Given information below:

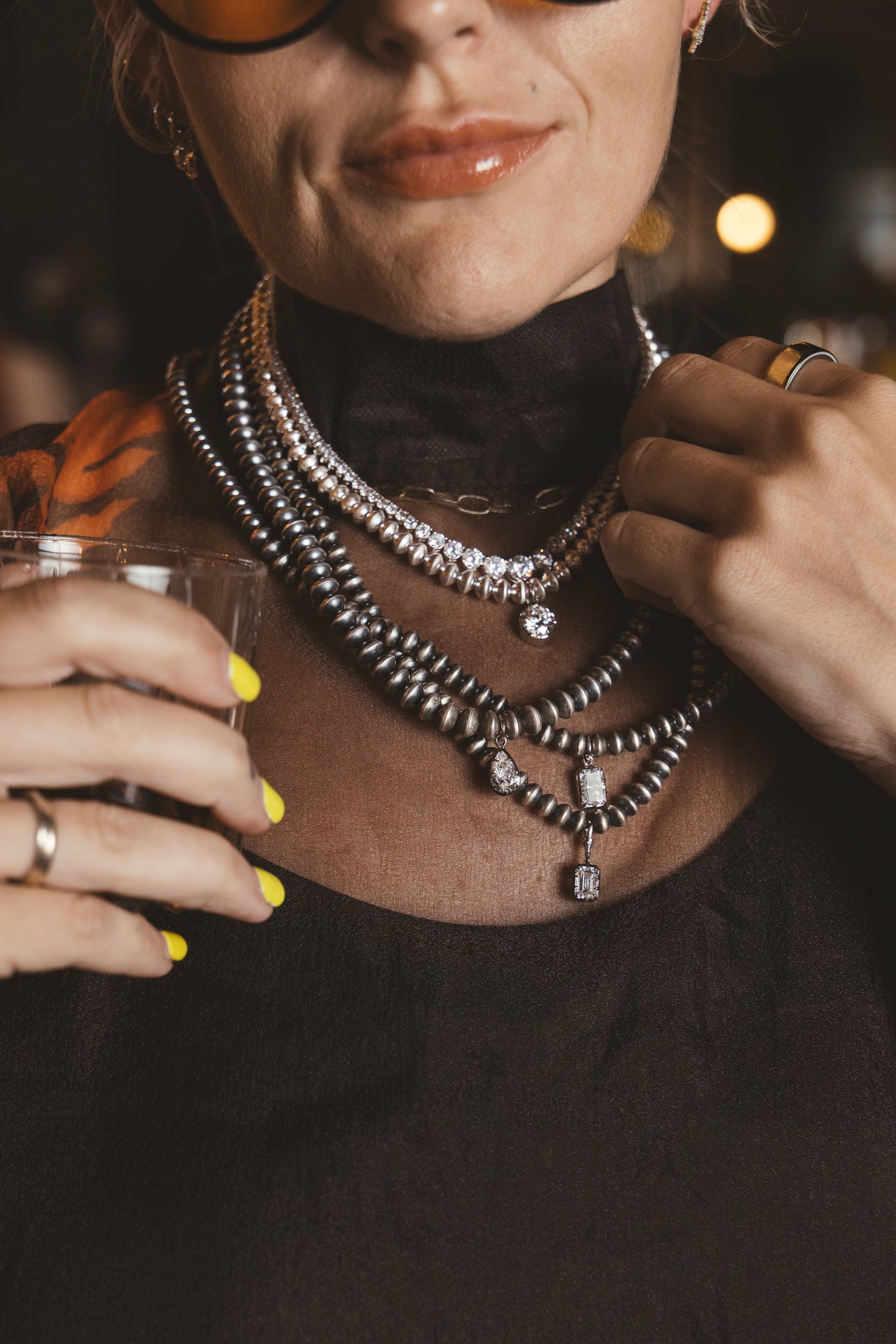 Introducing theContemporary Cowgirl Collection, a distinctive collaboration between Devereaux Gold and1806 & Company. This exceptional collection redefines traditional Western and Native American jewelry by blending the unique charm of turquoise jewelry and handcrafted Navajo pearls with contemporary diamond settings and accents, resulting in stunning pieces that resonate with today's fashion-forward cowgirl.
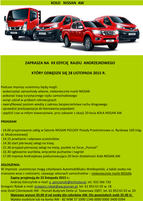 Rajd ANDRZEJkowy Koła NISSAN AW to już 20-letnia tradycja.
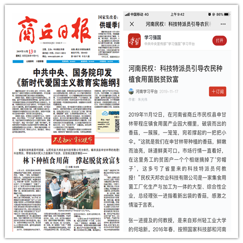11月13日,商丘日报发表文章《林下种植食用菌 撑起脱贫致富梦》,报道18新利直播 教授、省派科技特派员何培新,以民权县天邦农业科技有限公司为依托,瞄准该县申甘林带的地理优势,倾心科技帮扶,带领当地村民大力发展林下经济、实现稳定脱贫增收。全文如下:
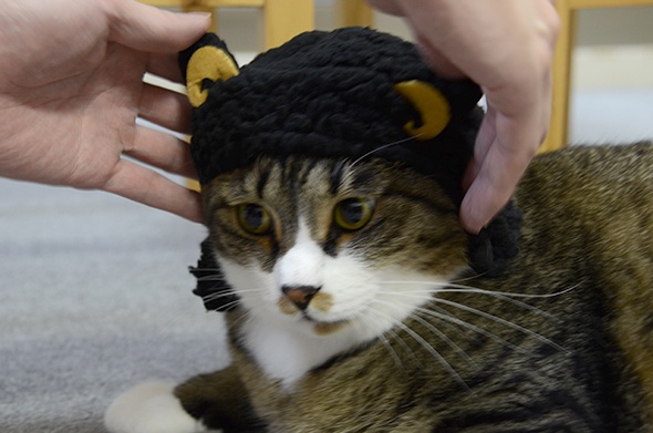 猫が被る用の可愛い被り物を見つけました(´∀`)
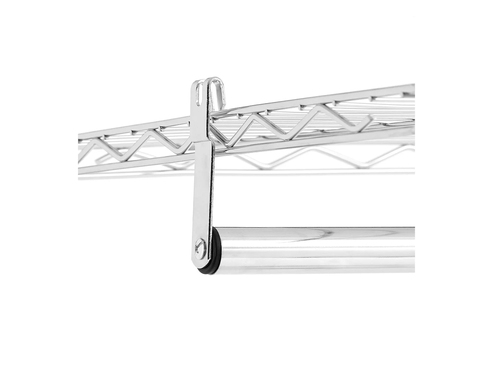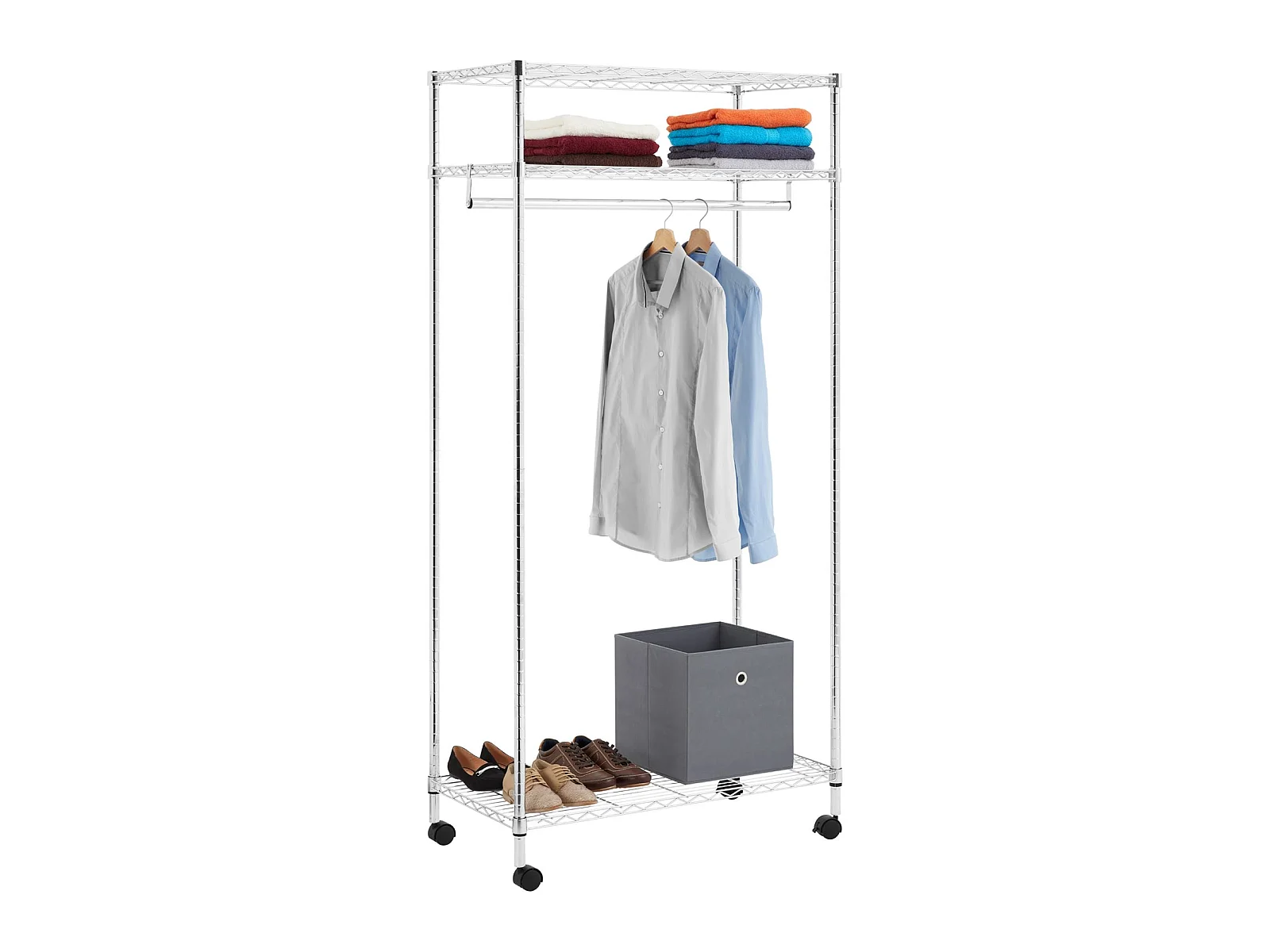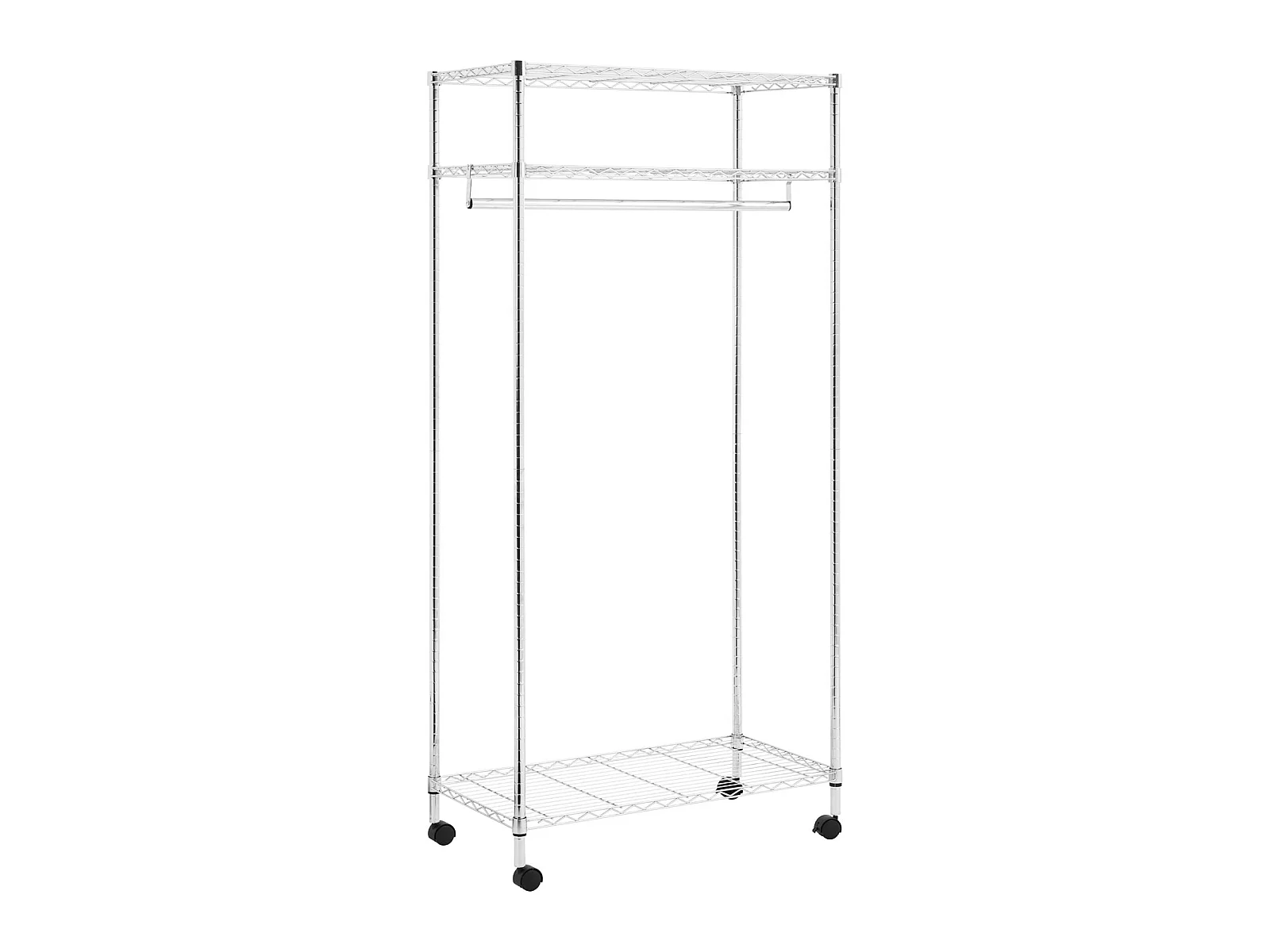 Portant à vêtements BRINDISI penderie simple sur roulettes vestiaire mobile avec 1 barre et 3 tablettes, en métal chromé

End of Given information.

* **The task**
Please print the data above once more, exactly as it appears, with no pictures.

* **Task answer**
 Introducing theContemporary Cowgirl Collection, a distinctive collaboration between Devereaux Gold and1806 & Company. This exceptional collection redefines traditional Western and Native American jewelry by blending the unique charm of turquoise jewelry and handcrafted Navajo pearls with contemporary diamond settings and accents, resulting in stunning pieces that resonate with today's fashion-forward cowgirl.
 Rajd ANDRZEJkowy Koła NISSAN AW to już 20-letnia tradycja.
11月13日,商丘日报发表文章《林下种植食用菌 撑起脱贫致富梦》,报道18新利直播 教授、省派科技特派员何培新,以民权县天邦农业科技有限公司为依托,瞄准该县申甘林带的地理优势,倾心科技帮扶,带领当地村民大力发展林下经济、实现稳定脱贫增收。全文如下:
 猫が被る用の可愛い被り物を見つけました(´∀`)
 Portant à vêtements BRINDISI penderie simple sur roulettes vestiaire mobile avec 1 barre et 3 tablettes, en métal chromé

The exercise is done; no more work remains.